The University of Southern Queensland has delivered a beta search engine for open access journals, using spare capacity on AWS rather than on-campus supercomputers to crunch more than 16 million full-text records.
Around the world, a growing number of academics are opting to publish their research in open access journals or university repositories rather than through journals that end up behind a paywall online.
With more than 4000 university search repositories now on the internet, each holding many thousands of academic papers, finding a paper on a particular topic without the use of a search engine is virtually impossible.
While there are a number of existing academic search engines, such as Google Scholar, these typically tend to index both paywalled and open access research journals, meaning students without journal subscriptions often hit paywalls.

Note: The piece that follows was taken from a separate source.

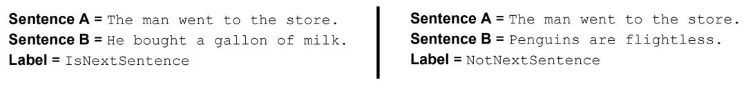 BERT 还学习如何建模句子之间的 关系,通过预训练对任何文本语料库都可生成的一个很简单的任务来实现:给定两个句子 A 和 B,判断 B 是在语料库中 A 之后实际出现的下一个句子,或者只是一个随意的句子?例如:

In a bid to make freely available research more accessible, USQ’s senior project officer of technology demonstrator projects Tim McCallum started work creating a search engine targeting open access journals, winning an AMP Tomorrow Makers grant in the process.
However, McCallum soon discovered that assembling the compute power necessary to index millions of papers quickly would be very expensive, while trying to undertake the project on the cheap with fewer resources would take a really long time.
“The job would take about seven years to index millions of papers, and to ramp it up by buying 1000 machines at $500 each would end up costing half a million dollars,” McCallum said.
USQ has significant high-performance computing resources, through both partnerships such as the Queensland Cyber Infrastructure Foundation (QCIF) and its own on-campus SGI system.
However, the nature of McCallum’s project, which involved querying data from thousands of endpoints, meant distributing the workload across a large number of virtual machines on a cloud platform provider was more efficient than scheduling tasks on a supercomputer.
Buying spare compute cycles
To square the circle, McCallum began bidding for spare compute capacity from major cloud vendors.
“Buying machines upfront is expensive, and cloud computing services such as Amazon and Google Compute provide easy access to a range of services,” McCallum said.
"To reduce the price of the operation I constantly bid on spare cloud infrastructure and expect, at all times, that the infrastructure will disappear at a moment’s notice due to pricing. This new ephemeral model works just fine thanks to my upfront design and software automation which accounts for these shifts.”
The problem is if someone comes along to buy it as a customer, the cloud provider will terminate your machines and sell it to that person.
“The trick is to make sure that the whole process is automated for example creating machines and queues of work for those machines to do using software automation – so nothing traditional about this exercise at all really,” McCallum said.
“There is the small task of setting up security credentials between machines, this literally takes minutes to set up but allows a deluge of information to be pushed and pulled between machines without further human intervention.”
McCallum said this approach allows him to spawn 1000 machines and have them all hit a queue of PDF files, convert them to text, and then index them.
“If a machine does complete a task it removes the job from the queue and then takes another job from the queue, and if the queue is empty or the workload lessens the machine can terminate itself - this also keeps the costs down,” McCallum said.
“It’s a much more sophisticated and scalable approach where we can ramp up or throttle down using code rather than always using brute force."
While the open access search engine has predominantly used AWS so far, McCallum said there was no reason he wouldn’t work with either Google Compute or Microsoft Azure in the future.
“Amazon offers a robust suite of storage, queuing and computing infrastructure which can all be controlled by computer code,” McCallum said.
“I am not biased to any cloud platform and will continue to work with them all in order to maintain an edge for seeing opportunities.”
A beta version of the search engine is now live, having indexed around 16 million records, including traditional search results and a Google Books-style ngram interface.
“Most of the back-end or scaffolding is now done, I’d now like to make the front end a lot more slick,” McCallum said.